The coloring in the illustration does not reflect the fact that the material is spread thinner and thinner with time. That's why the simulation also resembles spreading of an infection -- along preset directions -- with blue squares indicating newly infected individuals, as below:



For a more direct interpretation of the spreadsheet, imagine that a liquid moves along the square grid which is thought of as a system of pipes:


Then, instead of the velocity vector attached to each cell, we think of our vector field as two numbers each of which represents the amount of liquid that follows that pipe. (Then, this is just a cubical $1$-form.)

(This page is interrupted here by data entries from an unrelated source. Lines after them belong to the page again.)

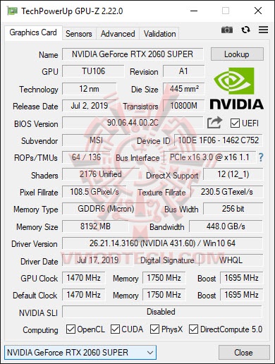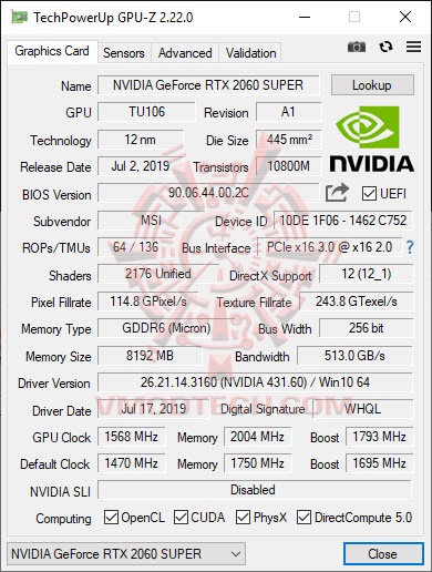 MSI GeForce RTX 2060 Super Gaming X from GPUZ
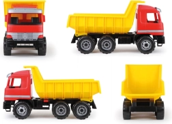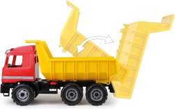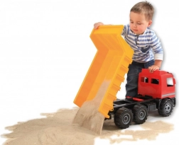 A billenő teherautó tartós műanyagból készült, így alkalmas kültéri és beltéri használatra egyaránt.
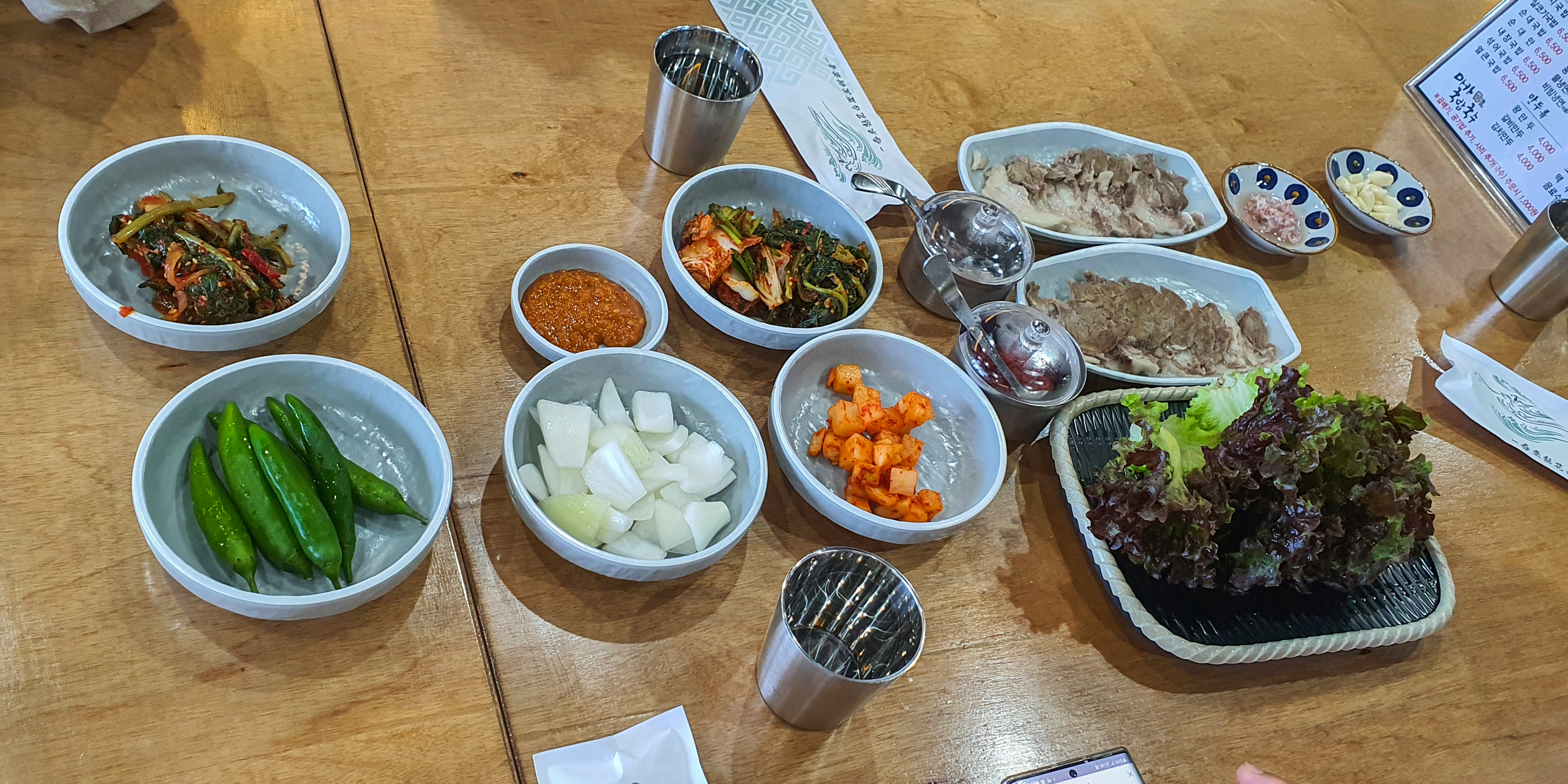 기본 반찬들이랑 수육백반이에요. 기본 반찬들은 셀프예요.
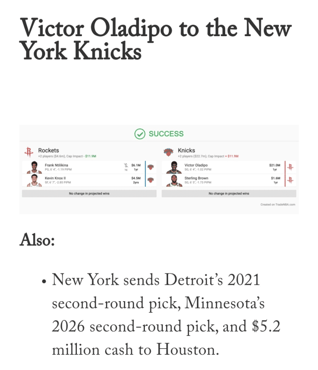 这笔交易的方案是火箭送出奥拉迪波和斯特林-布朗,得到尼克斯的尼利基纳、诺克斯、2021年次轮签(原属于活塞)、2026年次轮签(原属于森林狼)以及520万现金。
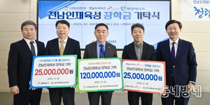 동네방네 김형규 기자 | 전라남도는 30일 인재육성 장학금으로 (재)녹색에너지연구원이 1억 2천만 원, 전남도시가스(주)가 2천500만원, ㈜해양에너지가 2천500만 원을 전남인재평생교육진흥원에 기탁했다고 밝혔다.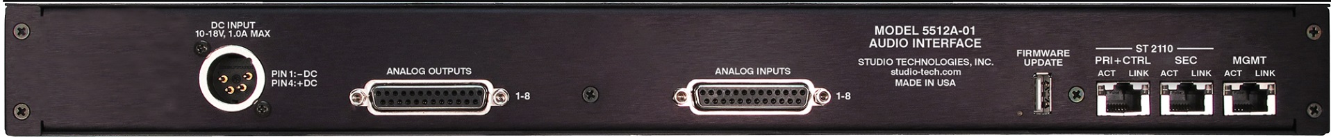 - Model 5512A-01-DC: 8 line-level analog inputs and 8 line-level analog outputs
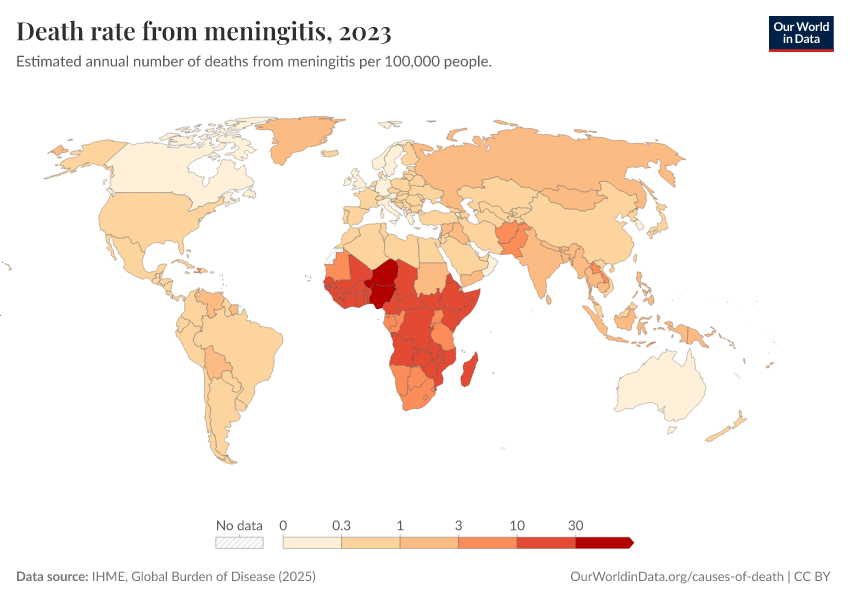 “Data Page: Death rate from meningitis”, part of the following publication: Esteban Ortiz-Ospina and Max Roser (2016) - “Global Health”. Data adapted from IHME, Global Burden of Disease. Retrieved from https://auto-wildfires.owid.pages.dev:8789/20260211-174736/grapher/death-rate-from-meningitis-gbd.html [online resource] (archived on February 11, 2026).How to cite this data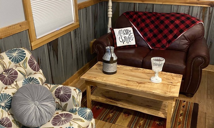 A small Cozy Cabin located in the heart of the Blue Ridge in the small town of Barnardsville, NC. Just 5 minutes from Navitat Canopy Adventure zipline is the perfect small space for a couple to get away for the weekend! Hike our mountains and come home to the cutest cabin complete with an indoor and outdoor fireplace, WiFi, and HDTV. The unit includes laundry and a unique king-size bunk! Unit and outdoor area is privately walled.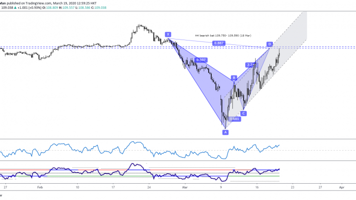 Mar 19 2020 (EP #64) Kelvin 交易策略 – USDJPY 蝙蝠形态 2020-03-19在四小时图中, 有一个熊势的蝙蝠形态快要完成, 它带来的反转区间是在109.750至 109.440之间。

In the picture above, the numbers represent “flows” through these “pipes”, with the direction determined by the direction of the $x,y$-axes. In particular,

  • the “$1$” can be understood as: “$1$ cubic foot per second from left to right”.
  • the “$2$” can be understood as: “$2$ cubic feet per second upward”.

For the sake of conservation of matter, these numbers have to be normalized. Then $1/3$ of the amount goes right and $2/3$ goes up.

To confirm that this model makes sense, let's see what happens if we let a drop of dye to be taken by such a flow. For computation, we follow the rule that

  • the amount of dye in each cell is split and passed to the adjacent cells along the vectors of the vector field proportional to the values attached to the edges.

For example, we can choose $1$'s on the horizontal edges and $0$s on the vertical edges, i.e., $dx$. Then the flow will be purely horizontal. If we choose $dy$, it will be purely vertical.

Example. Now what if we choose the $1$-form with $1$'s on both vertical and horizontal edges, i.e., $dx+dy$? $$ \newcommand{\ra}[1]{\!\!\!\!\!\!\!\xrightarrow{\quad#1\quad}\!\!\!\!\!} \newcommand{\da}[1]{\left\downarrow{\scriptstyle#1}\vphantom{\displaystyle\int_0^1}\right.} \newcommand{\la}[1]{\!\!\!\!\!\!\!\xleftarrow{\quad#1\quad}\!\!\!\!\!} \newcommand{\ua}[1]{\left\uparrow{\scriptstyle#1}\vphantom{\displaystyle\int_0^1}\right.} % \begin{array}{cccccccccccccccccc} & &\ \da{1} & & \ \da{1} & & \ \da{1} \\ & \ra{1} & \bullet & \ra{1} & \bullet & \ra{1} & \bullet & \ra{1}\\ & &\ \da{1} & &\ \da{1} & & \ \da{1} \\ & \ra{1} & \bullet & \ra{1} & \bullet & \ra{1} & \bullet & \ra{1}\\ & &\ \da{1} & & \ \da{1} & & \ \da{1} \end{array} $$

It is simple: the amount of dye in each cell is split in half and passed to the two adjacent cells along the vectors. The liquid is flowing down and right equally.

How well does it model the flow? Even though dispersal is inevitable, the predominantly diagonal direction of the spreading of the dye is evident in this Excel simulation:

Dx plus dy flow.png


Exercise. Find the formula for the diagonal elements.

Exercise. Create such a spreadsheet and confirm the pattern. What happens if the flow takes horizontally twice as much material as vertically?

Exercise. Devise an advection simulation with a circular dispersal pattern.

Exercise. (a) Explain how an arbitrary directed graph gives rise to advection and find its ODE. (b) What if, in addition to carrying material around, the flow also deposits a proportion of it in every location?